Instructions for the task -> Within the listing below, give again exactly the lines between the one containing "Description of Ring" and the one containing "15 вересня рятувальники", inclusive, pictures left aside.

Information given ->
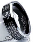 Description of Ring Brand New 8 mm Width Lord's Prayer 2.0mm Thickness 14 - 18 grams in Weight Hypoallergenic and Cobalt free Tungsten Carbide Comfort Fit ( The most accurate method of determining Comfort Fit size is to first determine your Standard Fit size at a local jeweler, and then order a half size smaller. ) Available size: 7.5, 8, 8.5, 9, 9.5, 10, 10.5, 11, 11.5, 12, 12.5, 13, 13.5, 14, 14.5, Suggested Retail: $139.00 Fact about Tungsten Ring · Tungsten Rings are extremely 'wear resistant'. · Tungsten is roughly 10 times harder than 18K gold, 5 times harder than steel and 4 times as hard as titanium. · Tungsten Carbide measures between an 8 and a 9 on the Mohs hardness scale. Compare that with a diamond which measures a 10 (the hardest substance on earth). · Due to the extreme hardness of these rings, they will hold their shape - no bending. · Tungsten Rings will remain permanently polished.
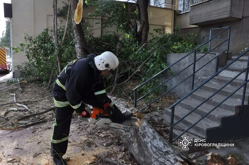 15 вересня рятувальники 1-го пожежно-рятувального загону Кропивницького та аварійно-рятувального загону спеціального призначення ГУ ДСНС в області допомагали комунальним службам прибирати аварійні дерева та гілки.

* * *

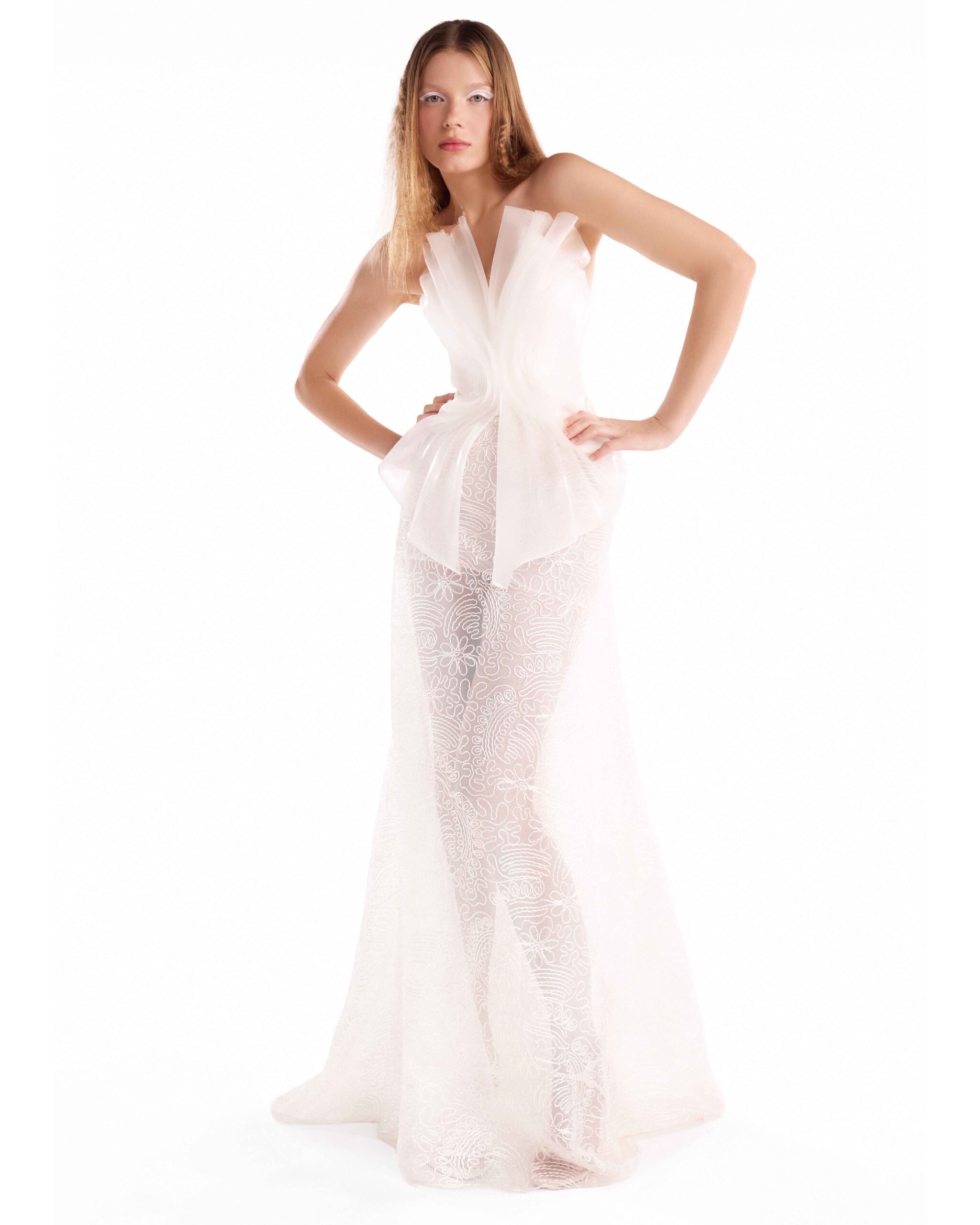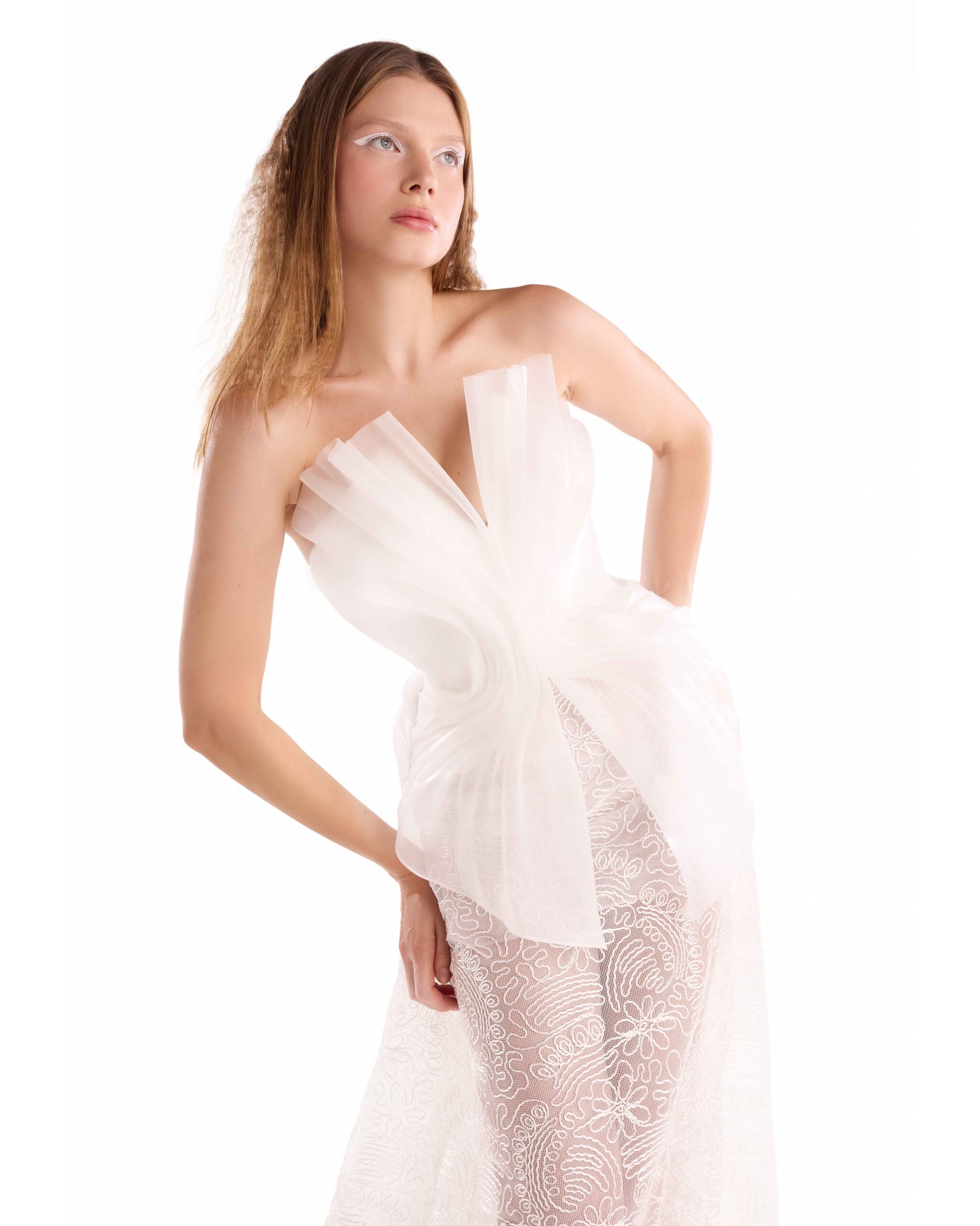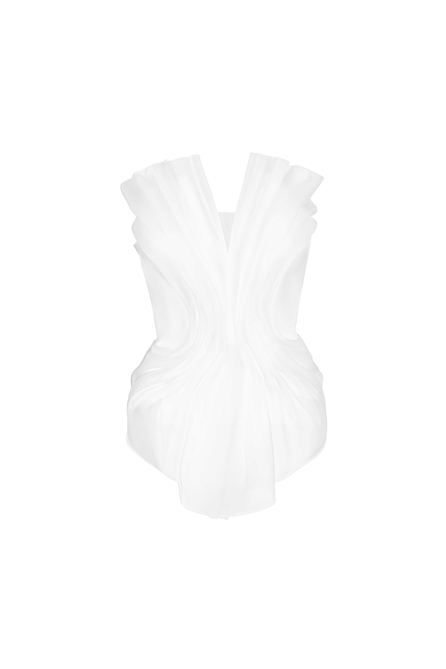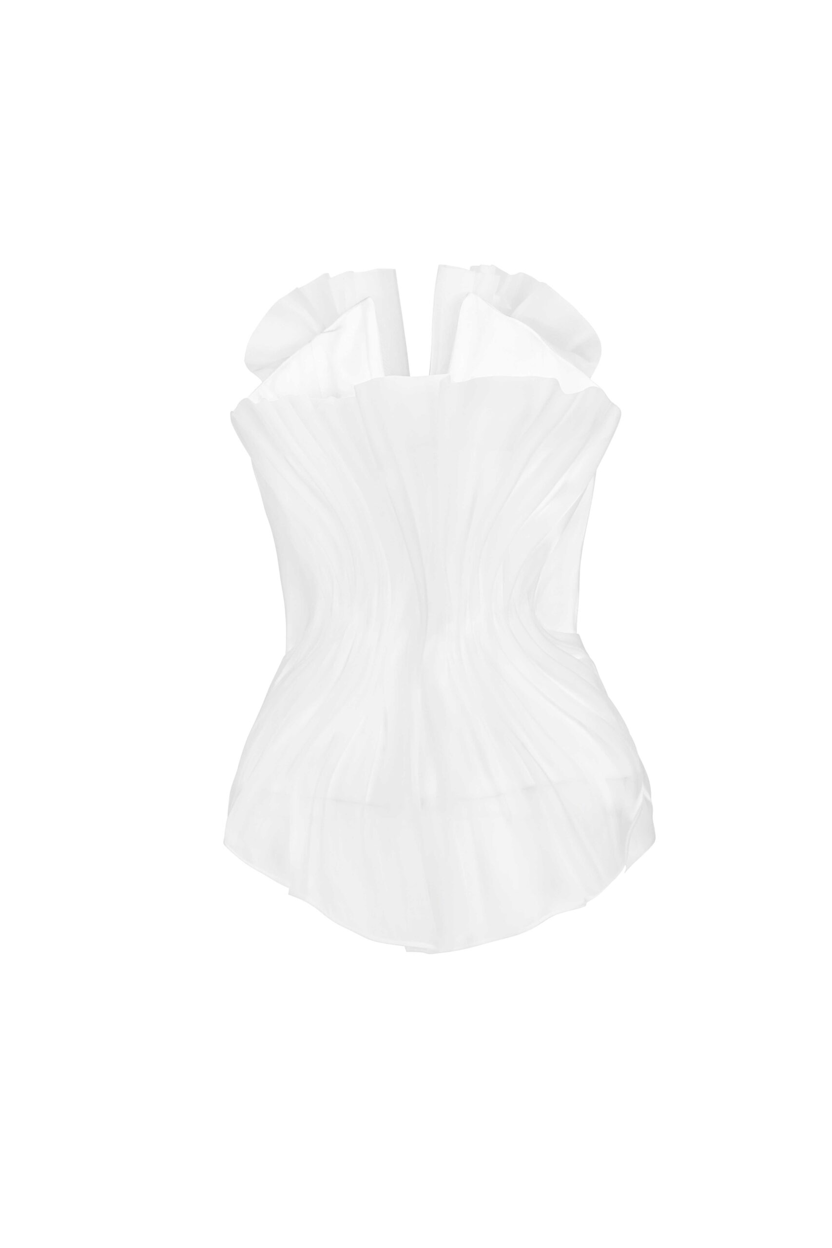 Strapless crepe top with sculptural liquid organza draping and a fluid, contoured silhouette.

...

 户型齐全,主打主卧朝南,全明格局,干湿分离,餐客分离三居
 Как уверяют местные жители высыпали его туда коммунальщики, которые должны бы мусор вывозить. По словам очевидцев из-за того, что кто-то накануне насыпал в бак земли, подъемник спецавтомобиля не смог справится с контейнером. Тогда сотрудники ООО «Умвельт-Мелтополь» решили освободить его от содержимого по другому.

Solution for this task ->
 Description of Ring Brand New 8 mm Width Lord's Prayer 2.0mm Thickness 14 - 18 grams in Weight Hypoallergenic and Cobalt free Tungsten Carbide Comfort Fit ( The most accurate method of determining Comfort Fit size is to first determine your Standard Fit size at a local jeweler, and then order a half size smaller. ) Available size: 7.5, 8, 8.5, 9, 9.5, 10, 10.5, 11, 11.5, 12, 12.5, 13, 13.5, 14, 14.5, Suggested Retail: $139.00 Fact about Tungsten Ring · Tungsten Rings are extremely 'wear resistant'. · Tungsten is roughly 10 times harder than 18K gold, 5 times harder than steel and 4 times as hard as titanium. · Tungsten Carbide measures between an 8 and a 9 on the Mohs hardness scale. Compare that with a diamond which measures a 10 (the hardest substance on earth). · Due to the extreme hardness of these rings, they will hold their shape - no bending. · Tungsten Rings will remain permanently polished.
 15 вересня рятувальники 1-го пожежно-рятувального загону Кропивницького та аварійно-рятувального загону спеціального призначення ГУ ДСНС в області допомагали комунальним службам прибирати аварійні дерева та гілки.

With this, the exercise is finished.